What about orange and cinnamon wafting through the steam as you shower? Aromatic bath-times should be an affordable luxury that men and women can indulge in. But what if you could transform your favourite pampering ritual into a money-minting pastime? Wait, no one’s suggesting that you physically share the tub with others just to bulk up your wallet!
We’re talking about what’s in the bath: scented oils, body scrubs and handmade soaps. Add a bespoke lotion or two to the range and you could have a lucrative little home industry start-up on your hands (no pun intended).
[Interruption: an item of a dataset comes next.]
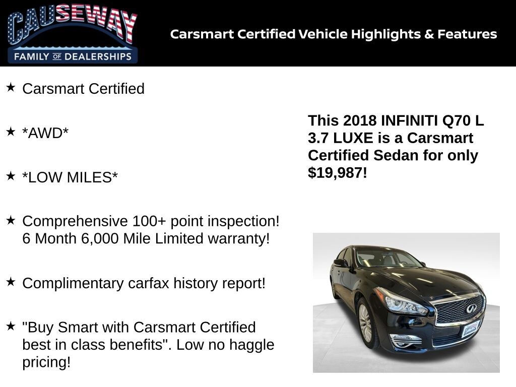 With LOW MILES and Carsmart Certified coverage, this Q70L is a rare opportunity to own a flagship luxury sedan at incredible value.

There’re hundreds of how-tos on the web for homemade scrubs, but be cautious. If you’re blissfully ignorant on the difference between baking soda and caustic soda, best you leave the recipes to the Martha Stewart types. Here’s a simple guide to get you started on whipping up some delicious skin treats. Our favourite, hands down, is the Gingerbread Sugar Scrub. Try not to eat it out of the jar when you’re done. The purpose here is to be enterprising and think resale.
On to the creamy goodness of body lotions. It’s crucial to cater for sensitive skins when making a product that stays on for much longer. For this purpose, hypoallergenic ingredients are your friend. You should also be meticulous when it comes to quantities. Less is more! A pinch is not a reliable unit of measure. Here’s a treasure trove of soothing lotions to start you off.
The next step would be to develop a brand identity and logo for your products. You might be a one-person act, but you shouldn’t limit yourself to neighbourhood sales. Try these basic pointers to help you market your wares to a wider audience. An indispensable reference when it comes to home industry is The Handcrafter’s Companion. With a focus on online and market retail, this book should definitely be on your nightstand.
Lastly, a caveat to the overzealous crafters out there. Never let your supply exceed the demand for your product. Start with small amounts. Get creative and spend time on customizing your packaging. Try haberdasheries for cheaper materials; you don’t want to break the bank here. This could be your bread and (body)butter you’re investing in.